Частное определение не было оглашено при чтении приговора — эта жестокость предполагалась в качестве основной меры — с тем, чтобы осужденные могли до конца прочувствовать всю глубину своего падения... И лишь на рассвете, когда у них стыла кровь в жилах, было объявлено о помиловании от имени правительства.
Миронова перевели в военные казармы под домашний арест «до особого распоряжения», вернули золотые часы — награду РВС армии. Но Троцкого не оставляли заботы о судьбе помилованных.
10 октября он вновь телеграфировал Смилге:
Я ставлю вопрос на обсуждение: мы даем полную «автономию» донскому казачеству, если они целиком порывают с Деникиным. Должны быть созданы соответствующие гарантии. Посредниками могли бы выступить Миронов и с ним помилованные, коим немедленно бы отправиться в тыл Дона. Пришлите Ваши письменные соображения... Троцкий. № 409[37].

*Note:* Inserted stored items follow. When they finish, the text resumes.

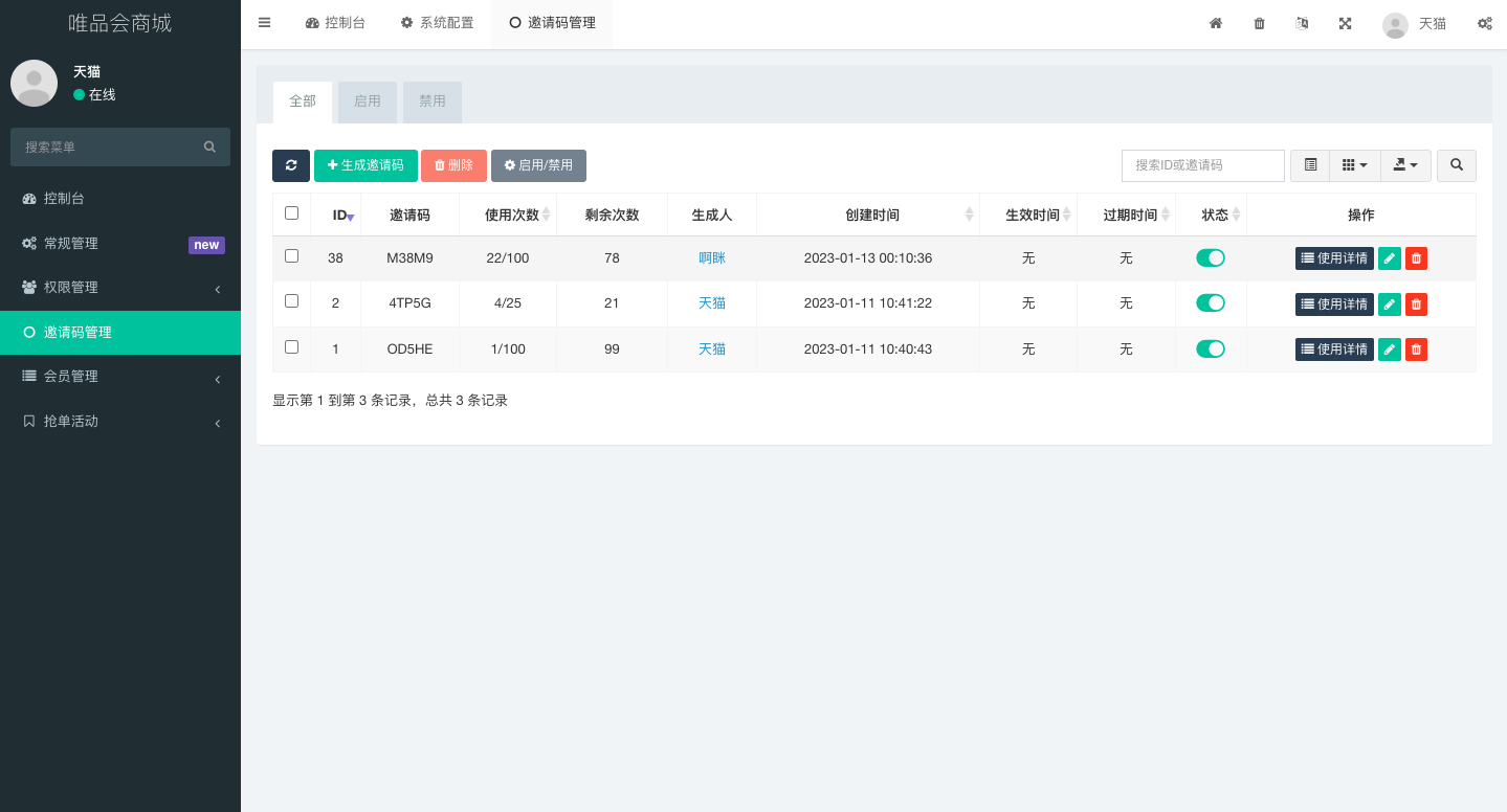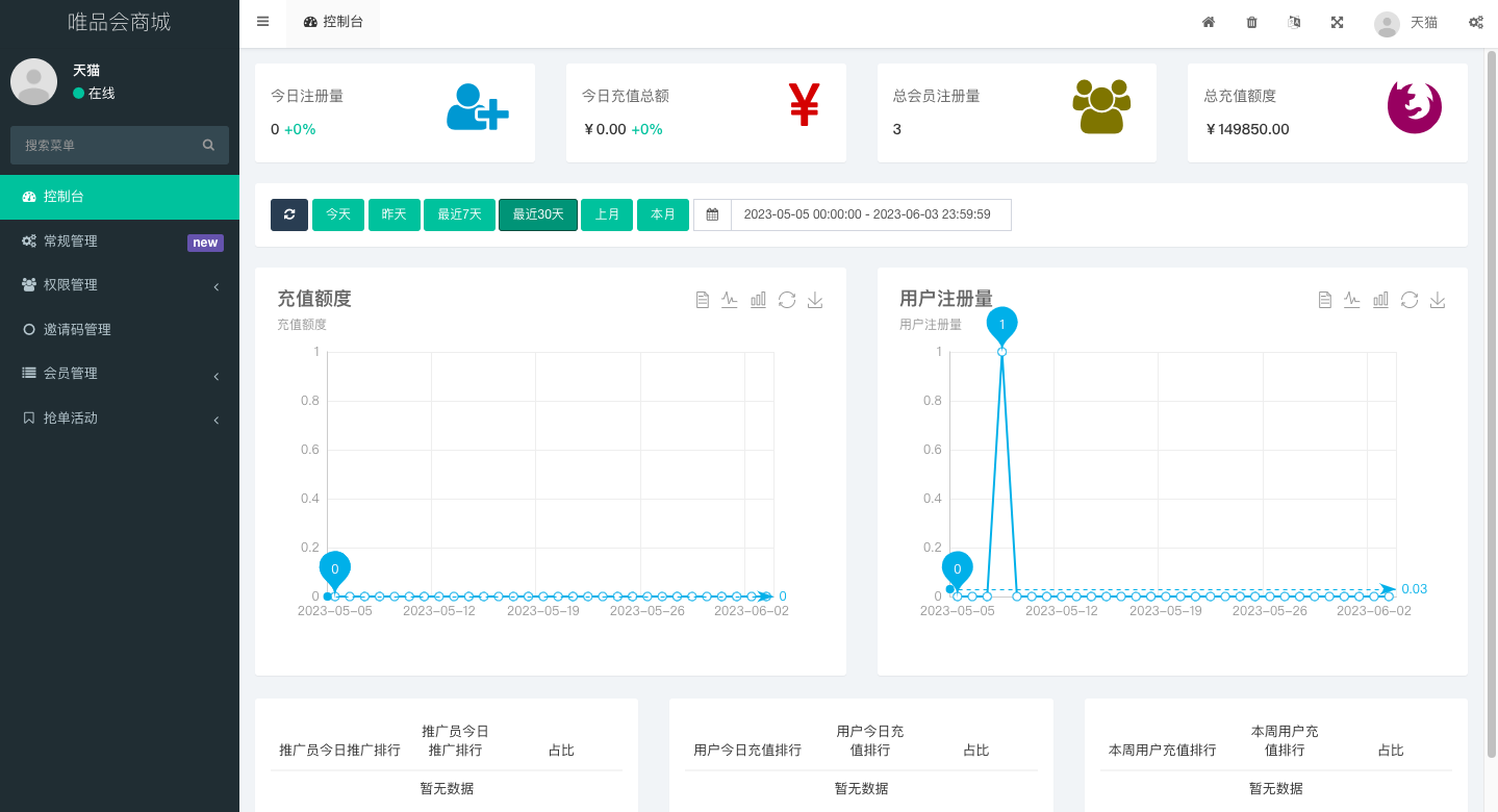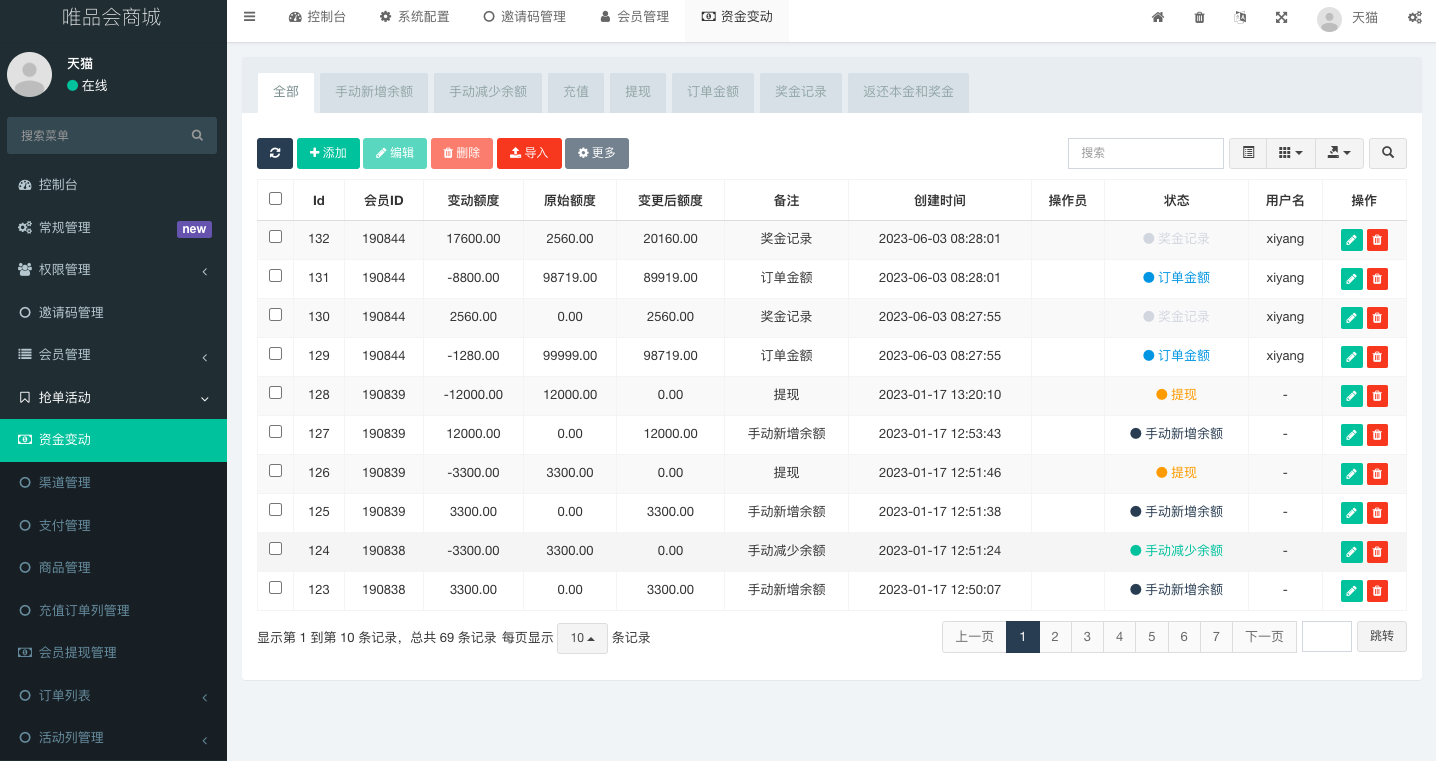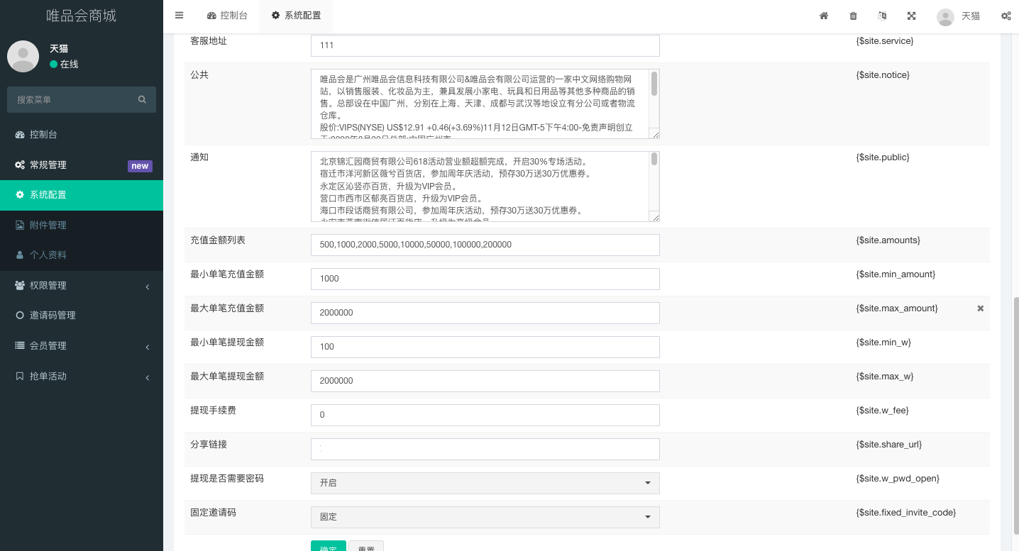 admin 商城刷单 唯品会商城优惠卷投资系统/奢饰品投资理财系统 唯品会商城优惠卷投资系统,后端使用fastadmin框架 系统模式就是前端注册会员联系客户充值余额 后台添加单独会员的活动 前端会员即可领优惠卷投资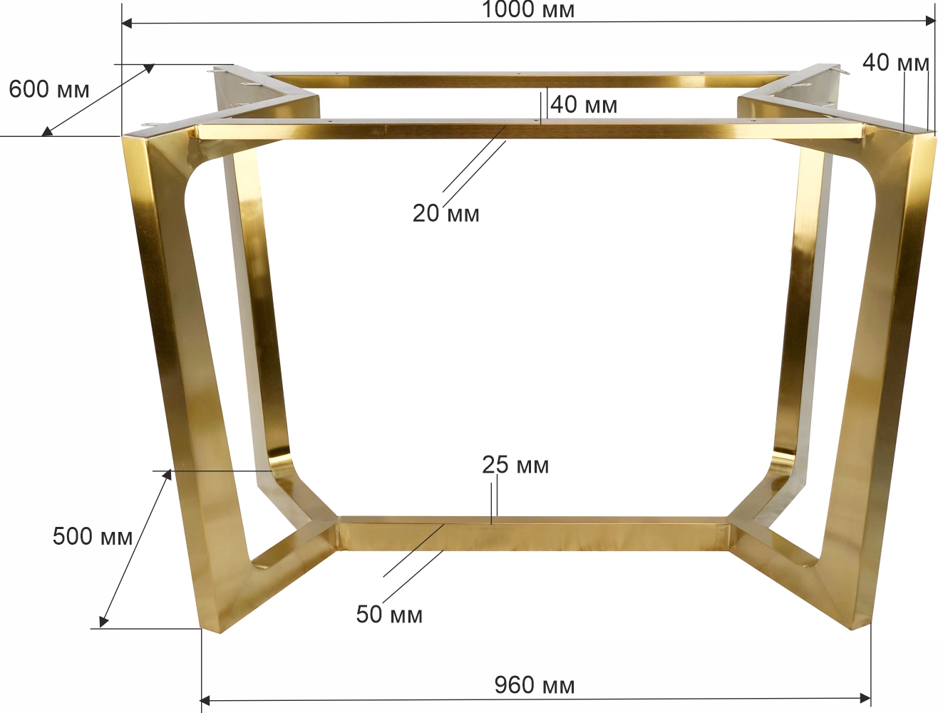 Элегантное подстолье из нержавеющей стали с покрытием ""под золото"" (нитрид титана) размером 100×60 см (верх) и 96×50 см (низ) создает роскошную основу для столешниц 140×90 см. Изысканный золотой оттенок и прочная конструкция подчеркнут статус вашего заведения.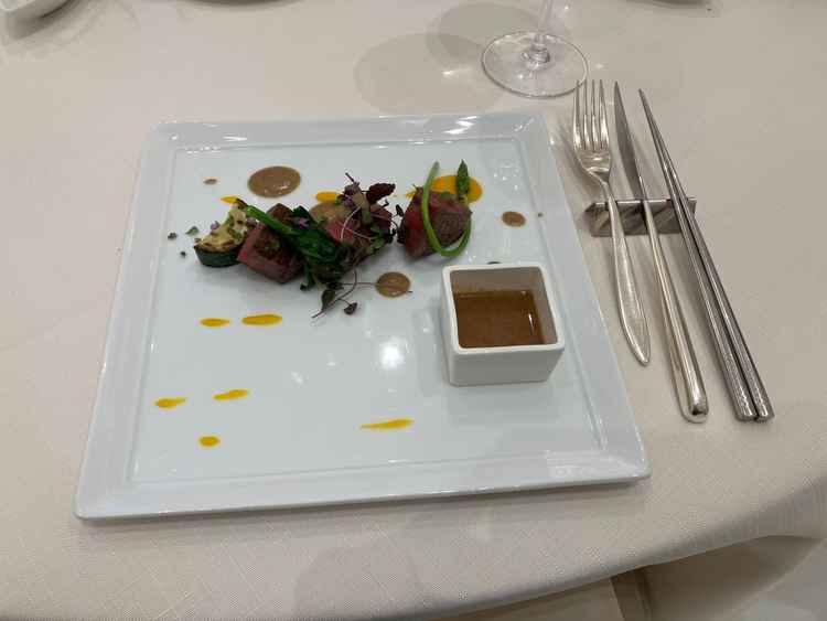 お肉が柔らかくて美味しかったのと、パンも焼きたてで美味しかったです。 オープンキッチンが披露宴会場にあり、温かいお食事が適切なタイミングで配膳されるので当日もゲストみんなが美味しくいただけそうです。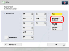 Berühren Sie die Taste [Fax] → Berühren Sie die Scanformat-Taste.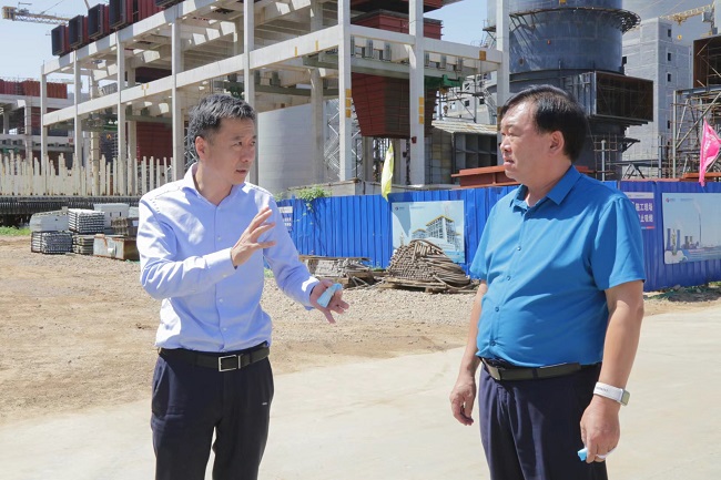 9月6日,中國(guó)農(nóng)業(yè)銀行洛陽(yáng)分行行長(zhǎng)王軍、新安支行行長(zhǎng)楊運(yùn)生一行到2x60萬(wàn)千瓦機(jī)組施工現(xiàn)場(chǎng)調(diào)研項(xiàng)目建設(shè)情況,縣統(tǒng)戰(zhàn)部部長(zhǎng)馬輝,集團(tuán)公司總經(jīng)理郭峰等陪同。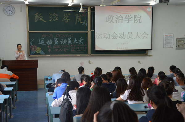 于2015年4月15日13:00在弘德楼5202教室开展了运动员动员大会。辅导员张晓庆老师出席此次大会,2013级和2014级全体学生参加。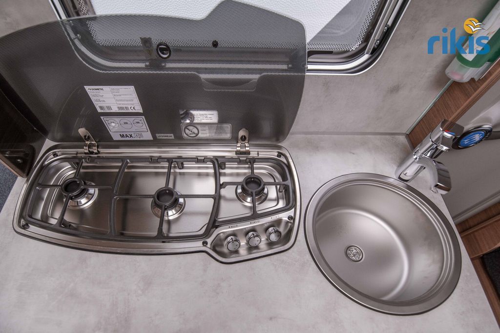 Plus-Paket  (Seifen- und Spülmittelspender, Dachhaube (Hebe-Kipp) 96 x 65 cm, mit Insektenschutz und Verdunklung (Bug), Wasserfiltersystem "bluuwater", MediKit Gutschein, AL-KO AAA Premium Brake, Stützrad mit integrierter Stützlastanzeige, AL-KO Schwerlastkurbelstützen, Insektenschutztür)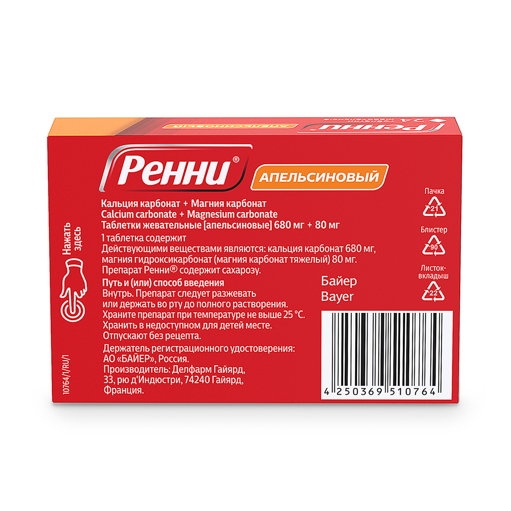 Ренни таблетки жевательные апельсиновые 680мг+80мг №24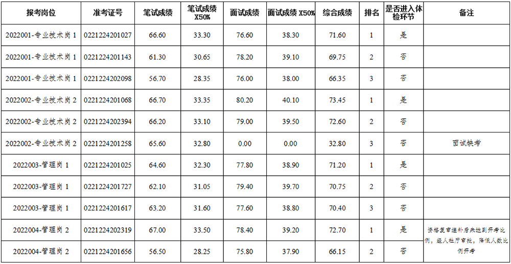 请进入体检环节人员保持通讯畅通,体检、考察具体事宜另行通知。

В своем ответе Смилга поспешил сообщить, что сам Миронов стоит против какой-либо автономии Дона, что он за Советскую власть, поэтому нет никакой необходимости входить в этот вопрос. Троцкий немедля поправился:
Никакого решения об автономии Дона, разумеется, нет... Слово «автономия» поставлено в кавычках суммарного наименования тех уступок, какие мы можем дать казачеству... Практически вопрос сводится к тому, считаете ли Вы целесообразным направить Миронова и других в глубь Дона и каким образом: как начальника отряда, дав ему несколько сот сабель и десяток агитаторов, или же как нелегального агента. Об этом я и запрашивал в первой моей телеграмме. Троцкий, № 410[38].
Прочитав эту депешу, Смилга саркастически усмехнулся. Любопытно следить за слабостями «великих», за дотошливым стремлением их стереть в порошок даже самого мелкого противника... Впрочем, Троцкий горячился не только по поводу Миронова. В середине сентября он телеграфировал и по поводу Буденного:
...Настроение частей Конного корпуса Буденного внушает серьезные опасения. С продвижением на Юг корпус грозит стать очагом новой, более опасной мироновщины. Необходимы немедленно серьезные меры. Как одну из них предлагаю: всех комиссаров, политработников корпуса Миронова, оказавшихся на высоте, включить кавалеристами в наименее надежные части корпуса Буденного... № З85[39].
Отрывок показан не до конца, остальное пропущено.